The Defence Systems & Equipment International Exhibition in London included all the defense behemoths, and firms like Raytheon, Lockheed Martin and BAE Systems all turned out in force. But some of the more interesting gadgets came from smaller outfits.
This is Lance Bombardier Dave McLaughlin holding a handy new drone called Maveric. Just throw it into the air and you have an instant aerial reconnaissance capability. Made by Prioria Robotics, it weighs two pounds but has a respectable 45-minute flight time and can beam back video images from six miles away. Maveric has two cameras, one in the nose and one on a gimbal mount under the chin, so it can orbit over and area of interest and maintain continuous coverage. Control can be by joystick or autonomous, aided by on-board GPS.
This is all fairly standard, but the really clever feature is the carbon-fiber wing. To pack away the Maveric, you just roll it up and put it in a six-inch diameter tube, a process that takes seconds. Drones don’t get much more portable than that.
For close-in tactical reconnaissance you might want something like the Recon Scout XT. Michael Sarazine of Recon Robotics gave me a demo. The robot weighs just over a pound and had a throwing handle so it can be easily lobbed — through a doorway, perhaps, or over a wall. The big flexible wheels allow it to trundle over small obstacles, with a battery life of around an hour. The Recon Scout’s special feature is an infra-red camera and illuminator which automatically cuts in when it gets dark. This allows the Scout to see in zero light conditions without being seen. It’s also useful for other hard-to-reach locations, like checking underneath vehicles.
Recon Scout robots are already used by over a hundred police and security agencies, and in May the US Army ordered 150 of them for $1.35 million. The price is a major asset – at less than $10,000 a pop, it’s an affordable unit which can be issued in large numbers.
Tom Jonassen of armor makers NFM Group showed off the company’s new HEXA plate, a body armor insert giving a larger area of coverage than traditional rectangular-style inserts. Jonassen tells me that the larger plate is popular with special operations units who have tested it recently.

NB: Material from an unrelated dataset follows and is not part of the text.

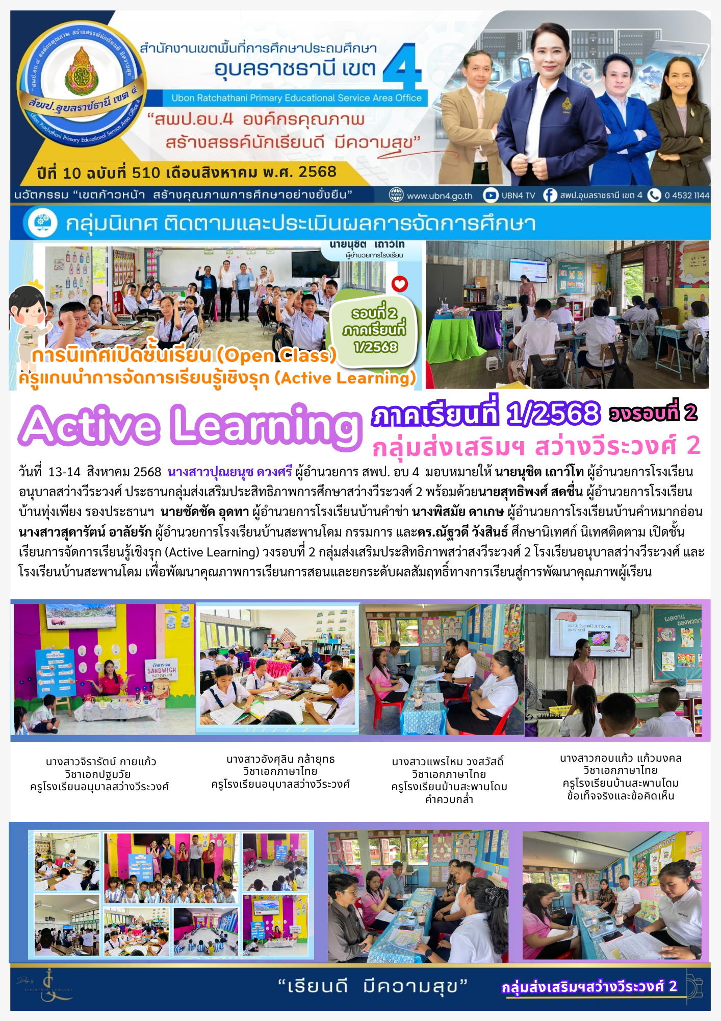 การนิเทศเปิดชั้นเรียน (Open Class) ครูแกนนำการจัดการเรียนรู้เชิงรุก (Active Learning) ภาคเรียนที่ 1/2568 วงรอบที่2 กลุ่มส่งเสริมฯ สว่างวีระวงศ์2 ก่อนหน้า ต่อไป

The effective area is further increased by the FREC technology, a thermoplastic process which ensures that the edges and corners of the plate are as effective as the center. This, the company claims, can improve effective coverage by as much as 60 percent. The level of protection given to HEXA by the National Institute of Justice is Level IV, which means it will stop pretty much anything out there — including armor-piercing bullets. NFM also design the plate to be capable of withstanding multiple hits – ceramic armor may crack after the first shot.
Craig Magill of Neopup showed me the company’s highly innovative “Personal Area Weapon” which falls somewhere between a grenade launcher and a rifle. This South African invention fires fires a novel 20mm high-explosive round weighing a hefty hundred and ten grams. The Neopup features a unique recoil mitigation system which allows the shooter to cope what would otherwise be a shoulder-dislocating level of recoil. It is accurate enough to hit point targets at six hundred metres, making it superior to 40mm grenade launchers which have a much lower muzzle velocity. At closer range the sheer size of the projectile gives it some significant advantages — it can punch through 8mm steel plates at a hundred meters making it highly effective against vehicles.
It may also become the weapon for choice for tackling alien invaders – the Neopup can be glimpsed in the movie District 9.
Being located on the Thames River, DSEi has a maritime element as well. There were a few Royal Navy warships, and some smaller craft, like this XSR, described as “a luxury power boat with super car style” for navies that want to make a splash. It would have been perfect for a replay of The World Is Not Enough: In the distance, you could spot the dome of O2, formerly the infamous Millennium Dome.